Humility is the capacity to see and accept the truth about oneself, others, God. Humility is the capacity, and the desire, to be taught, corrected, called to greatness. Humility is also the capacity to see this truth: the good of God-and-neighbor is inextricably intertwined with my good. Hence, humility can be said also to be the capacity not so much to *think less of myself* as it is to *think of myself less*.

Self-less. Yes.

Think Zacchaeus after the saving seed enters his wee-little humbled heart: "Look, Lord! Here and now I give half of my possessions to the poor, and if I have cheated anybody out of anything, I will pay back four times the amount" (Luke 19:8).

Bettered not embittered
Those who readily responded to Jesus are the ones who have allowed the inevitable blows of life to break up their hardened clods, and who see God not as a pending means of self-promotion but as the mending force of self-less devotion; devotion to the needs of others for the greater glory of that same God.

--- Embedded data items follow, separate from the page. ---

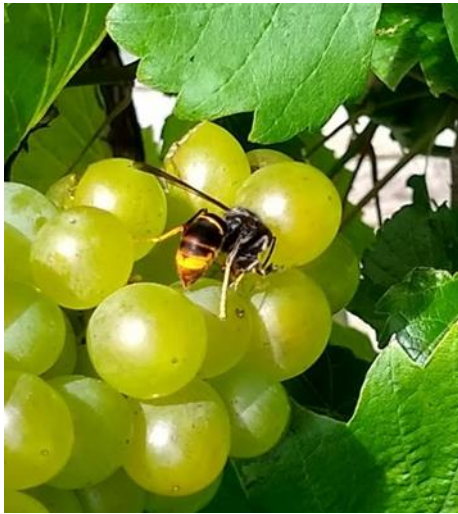
Asian Hornet feeding on grapes

are the damp and variable temperatures between January and March this year making the over wintering queens more susceptible to fungal attack, and the reduction in traffic from France, due to Covid-19 restrictions, reducing the number of founding queens hitching a ride over from the French mainland in the spring.
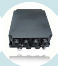
MRT Trunk-loaded Auto-powered CPE (16d)
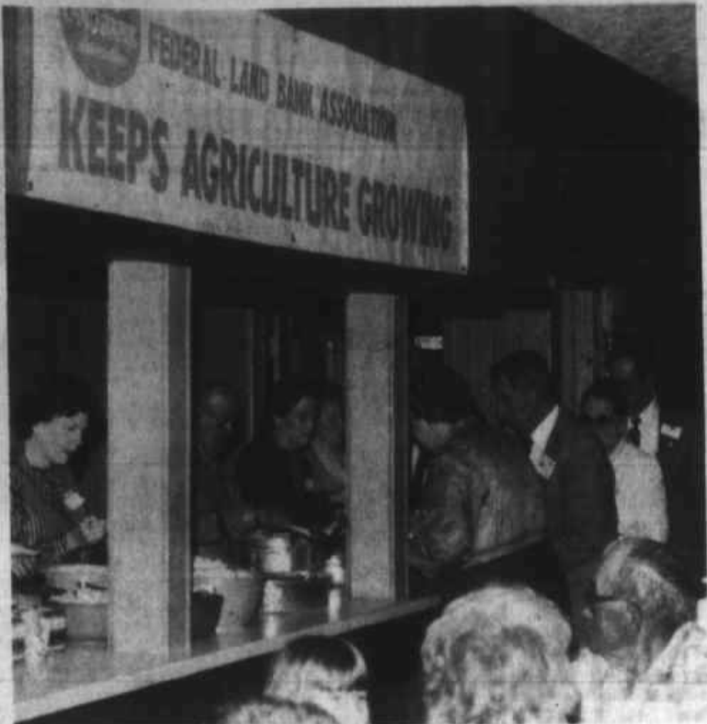
Area Land Bank members and guests enjoyed a catered barbecue meal at the recent stockholders meeting.

Area Land Bank members and guests enjoyed a catered barbecue meal at the recent stockholders meeting. The Federal Land Bank of Texas, the largest agricultural lender in the state, released its 1983 annual report during the meeting held in Austin, Texas. The report shows a 4 percent increase in loan volume for 1983, and a 10 percent increase in bond sales. The bank's earnings were up 10 percent, and its assets grew by $1.5 billion. The bank's loan portfolio is diversified, with a heavy concentration in agricultural lending. The bank's services include originating and servicing loans, as well as providing financial counseling to farmers and ranchers. The bank's commitment to the agricultural community is reflected in its low-cost financing programs and its efforts to improve the financial health of its borrowers.
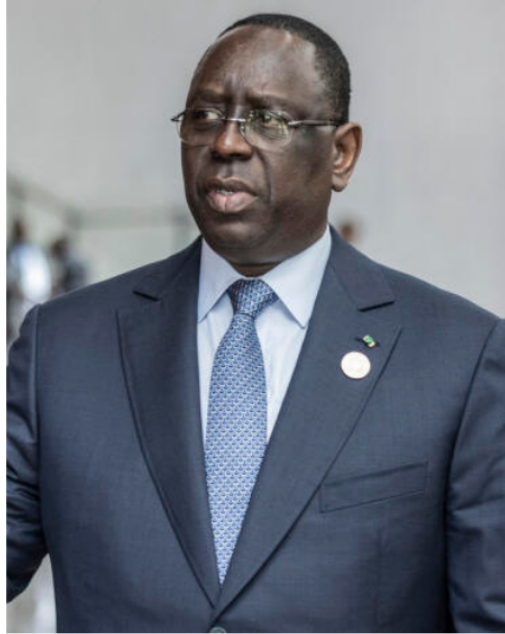
Incumbent Senegal President and 2024 Presidential Candidate H.E Macky Sall

Senegal is a hot potato and in news for all wrong reasons because of the impasse resulting from the elections. At the heart of this controversy is president Macky Sall who is thwarting efforts necessary for a regime change. Dire is the situation in Dakar that it has now forced the United Nations and other peace loving states to voice their concerns about the political instability resulting from this uncertainty. The country Senegal is named after River Senegal. The name of the river may derive from a Portuguese transliteration of the name zenaga. Portugal was the first European power to colonize Senegal through Dinis Diaz; au contraire their rule was short lived because of the French who took over.
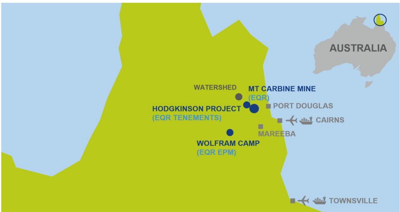
Figure 2: Hodgkinson Project Proximity to Mt Carbine
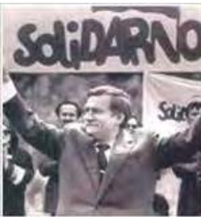
Lech Walesa, born 1943
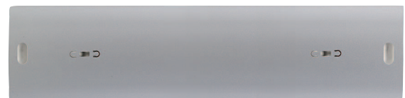
100 mm (4 in) slat.
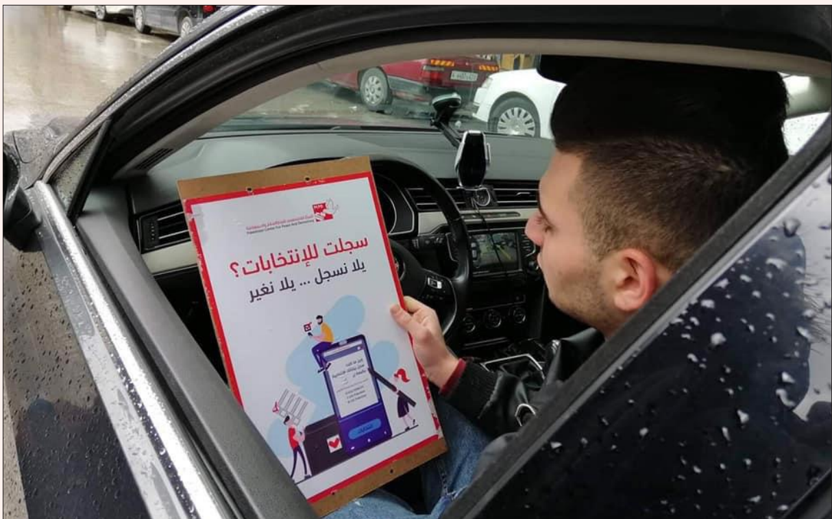
PCPD youth distribute posters to citizens asking them to register to the elections, as a first step towards the right to elect when the elections do take place.

In Palestine, no legislative elections have been organized since 2006. Since then, the fragmentation of the political and national identity has deepened, particularly through the disunity between Hamas in Gaza and Fatah in the West Bank. Political parties in Palestine do not evolve or flourish under the current political parties' De facto, and their accountability to the citizens is minimal. This is not only the result of the fact that there are no free and fair elections on a regular basis. The vast majority of decisions made by the Political Bureau for the Central Committees does ultimately not influence the real decision makers: The Government and the President.
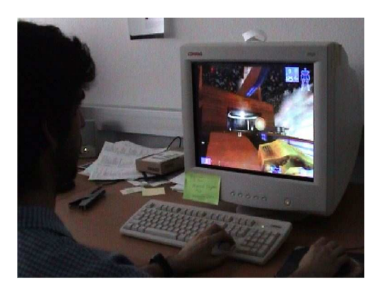
Fig. 5. Playing Unreal Tournament to train your avatar
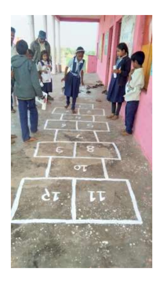
Children learning on the Health & Safety while playing Stapoo 'Learning by doing' in action

Religion is not for the betterment of me, but for the betterment of thee by me to the glory of the One in Three.

See?

Friday, July 8, 2011

Corapi

Perfunctory
It seems that in the Catholic world of news and commentary, everyone has something to say about (Fr) John Corapi; and on a day when the liturgy presents us with a Gospel that speaks of sheep and wolves, it seems an opportune time to share a few thoughts.

Myriad
I have innumerable thoughts about this complicated case which has truly become a macabre spectacle, and I will not repeat much of what has already been said; and said better that I could. But let me share a few of my more pressing ideas.

Truth is true
A most basic point: whatever Corapi said in his ministry that was genuine and true and brought about conversions of mind and heart to a Christ-like way of life is still true and good. An ancient dictum runs like this: "if God can speak through Balaam's ass, he can work through the most hardened sinner."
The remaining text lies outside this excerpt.